Sweet potatoes are invariably grown from "starter" plants called slips, which you receive from your chosen seedsman shortly before planting time. Take care to obtain slips only from seedsmen with certified disease-free roots.


Timing

One wants to plant sweets as soon after the last frost as the ground has warmed some; they are long growers, typically 95 days or so, and so setting out slips around June 1st gives them three of our warmer months for their growth.


The Bed

Sweet potatoes prefer well-drained, loamy to sandy soil. Heavy clay soils are not good them--the potatoes can end up small or misshapen.

Even using certified disease-free slips, it is wise to rotate their garden location annually.


Planting Out

In our climate, it is well to use a plastic mulch for sweets, setting it out a couple of weeks prior to the expected planting date. Using a bush-type cultivar on a deep-dug or raised bed, a plant spacing of 9 inches is about right according to Jeavons. It is probably as well to also add drip irrigation to one's plans.


Growing

Use row cover to help with warmth.

Water well, but: do not water during the last 3 to 4 weeks before harvest, so as to protect the developing roots (the "potatoes").

Dig your crop at about the time of the first fall frost.
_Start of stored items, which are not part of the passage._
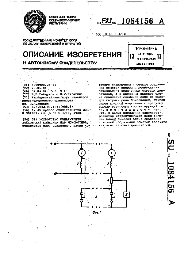 Устройство обнаружения боксования колесных пар лакомотива / Гайдуков В. Е., Кулагина Л. И.; заявитель : Харьковский институт инженеров железнодорожного транспорта им. С. М. Кирова // Описания изобретений (ретрофонд) / Комитет по патентам и товарным знакам России. – М. — (Патенты России)., 2003. – 1984, № 1. — Загл. с титул. экрана. — Поисковая система: ИПС MIMOSA GTI. — Систем. требования: Acrobat Reader. — Режим доступа: ftp://smolensklib.ru/bd/patent_ru/pt1084156.pdf. — <URL:ftp://smolensklib.ru/bd/patent_ru/pt1084156.pdf>.
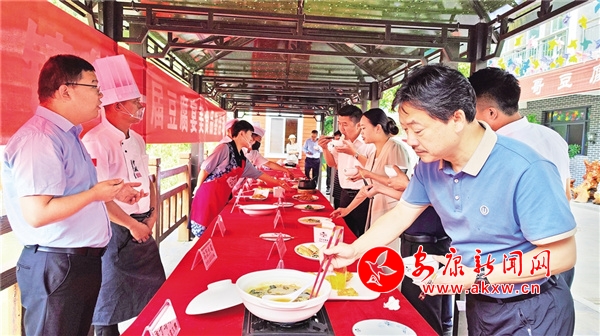 活動現(xiàn)場,壹品坊豆腐、王莽山莊、鄭家農(nóng)家樂、胡桃里農(nóng)莊、舒大嫂農(nóng)家樂、方氏豆腐坊、財哥豆腐宴等10家農(nóng)家樂帶來的37個美味的菜品一一呈上長條桌,供現(xiàn)場參與人員品鑒。
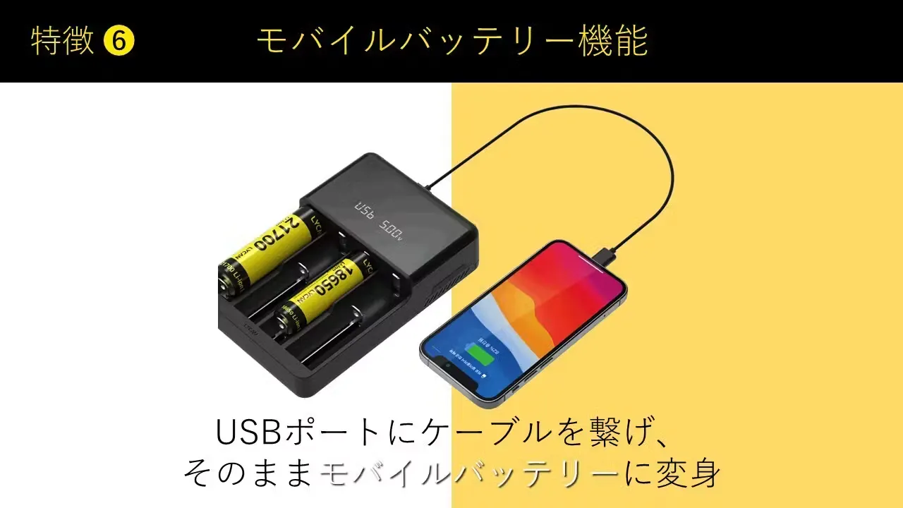 ※モバイルバッテリー機能はリチウムイオン充電池の場合に限りご使用が可能になります。Ni-Cd、Ni-MH、アルカリ乾電池は電圧が低いためモバイルバッテリーとしてのご使用はできません。
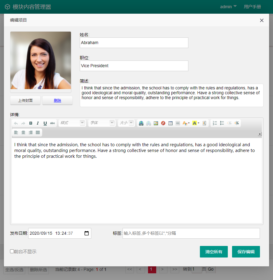 文章发布系统可以发布到多个栏目,支持标题标尺、颜色、副标题和字数统计,支持关键词自动提取,自动记忆和提醒来源,支持栏目作者自动匹配。

As with true potatoes and other "root" crops, take great care not to cut, bruise, or otherwise damage the roots.


More

Relevant Links

Besides any links presented above on this page, the following ought to be especially helpful.


Odds and Ends

Biology

The sweet potato is not at all the same thing as the yam, though "yam" is very commonly taken to just be another nickname for the true sweet potato. True sweet potatoes are a member of the Convolvulaceae, or convolvulus, family, which includes few other edibles, but does include the flower Morning Glory.

(The true yam--family Dioscoreaceae--is a large root vegetable, some up to a hundred pounds, grown in Africa and Asia, and rarely even seen in the western world.)


History

We try not to re-invent the wheel, so here is a link to a comprehensive history of the sweet potato.


Envoi

"Sweet potato candies, ice cream, cookies, and related delicacies prepared from this vegetable are not yet widely known, but they are surprisingly good." Or so says one site.